I'm in Arkansas,  the creep feed is for calves, I got it at Atwoods, they had 12% and 14%, and I got the 14%.


----------



## Farmer Kitty (May 29, 2009)

You can use it. I'm surprised they don't know what calf starter is.


----------



## haviris (May 29, 2009)

So am I! 

So do I give it free choice? Or limit it? I want her to grow well so she can be bred at the normal time, I don't want her to be a pot bellied stunted looking weanling and yearling like alot of bottle calves I see!


----------



## Farmer Kitty (May 29, 2009)

With the dairy calves I usually figure 5-6#'s a day limit. Once they are eating that then I wean them. Usually around 2 months. You may want to start with a small amount in front of her and see how much she eats a day. If you put to much out at a time it could get yucky before she eats it. Just increase the amount as she picks up eating it.


----------



## haviris (May 29, 2009)

So I can increase it as she eats it, do I have to worry about over doing it?


----------



## Farmer Kitty (May 29, 2009)

Yes, increase it as she eats it. Up to 5-6 pounds a day. She'll do fine.


----------



## haviris (May 29, 2009)

Thank you so much! I'll start offering it to her today!


----------



## woomy (May 31, 2009)

at what age can you offer creep feed. I Have two calfs. One is around 3  wks and the other around 2 weeks. they areboth bulls, but have been banded. They have two bottles a day, but act lke they are always hungry. We tried to see if they would drink water from a bucket,  but they wouldn't.


----------



## Farmer Kitty (May 31, 2009)

Banded bulls are called steers.  They are so much nicer to deal with too. 

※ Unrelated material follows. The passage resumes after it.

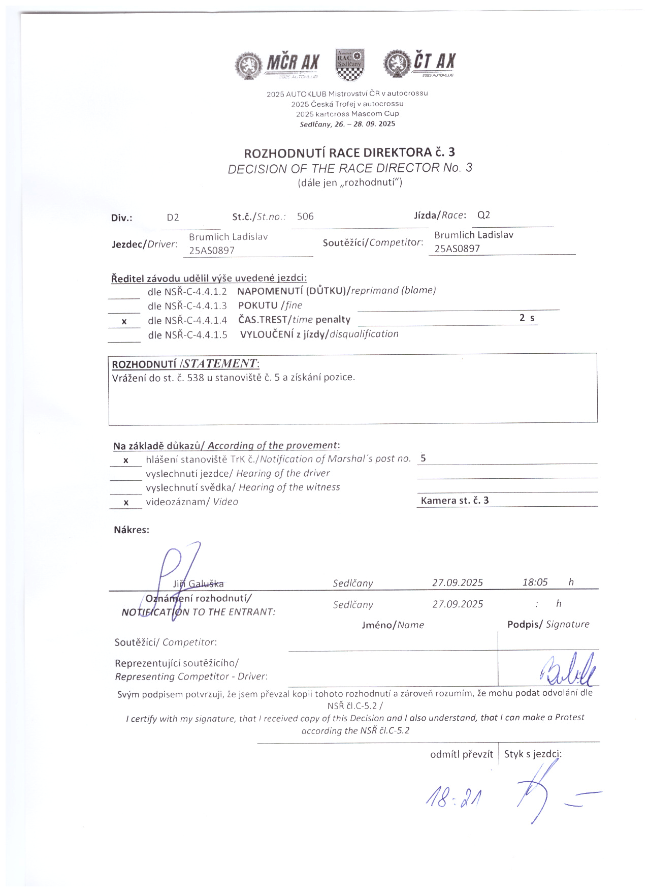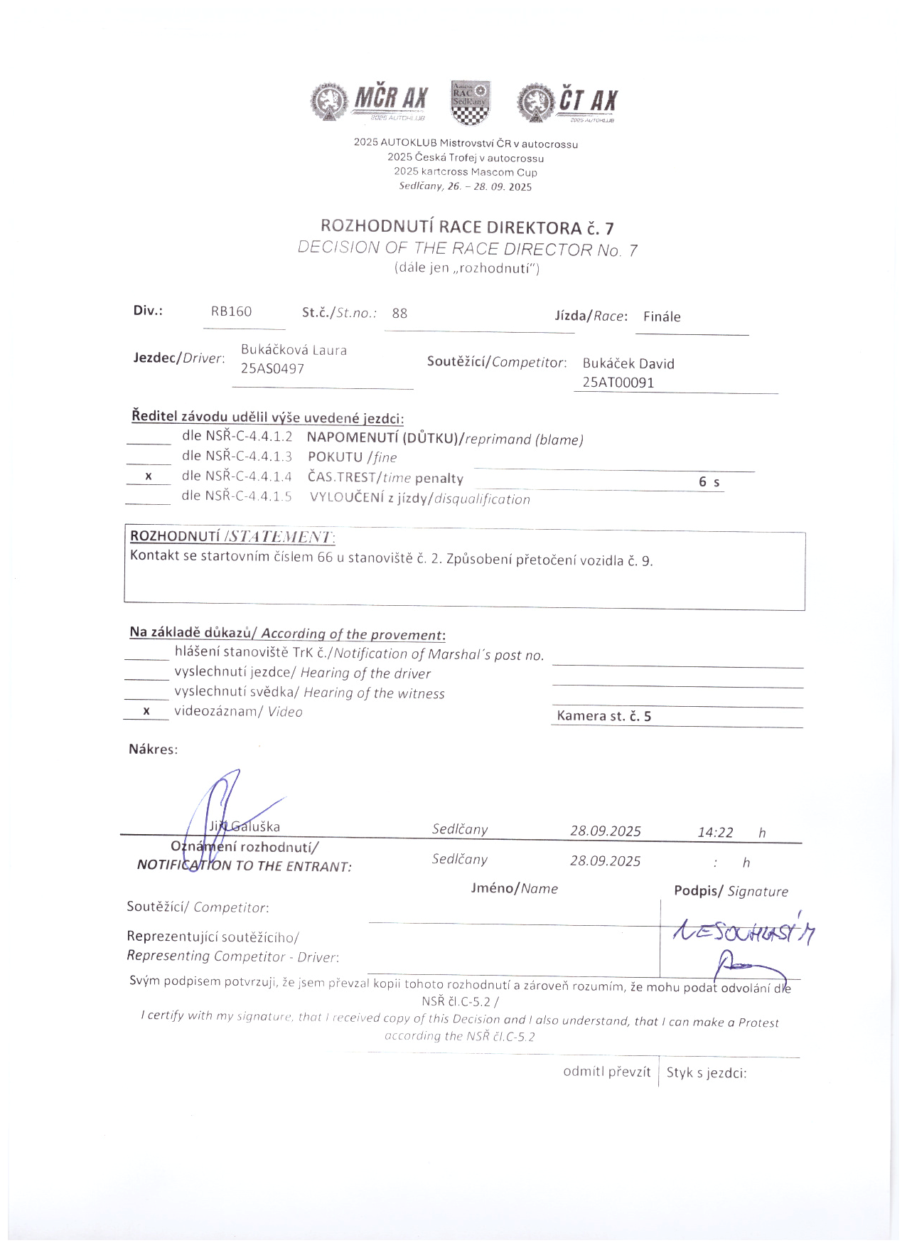 Rozhodnutí Race Direktora č. 5 - #88 Kartcross

It sometimes takes patience and work to pail train. I use the nipple from the calf bottle, my DH uses his fingers, give it to them and then dip their noses into the calf pail with milk/replacer. Some train easy and others are stubborn. At 2 and 3 weeks they are more than old enough to go on a pail. We try to train our calves at their third or fourth feeding.

As for grain, you can give them a little anytime. We often offer it to newborns. Start with just a little, so none is wasted, until they are eating it. Gradually increase until 5-6 pounds of grain/head a day. This is generally about the time they are ready to wean.


----------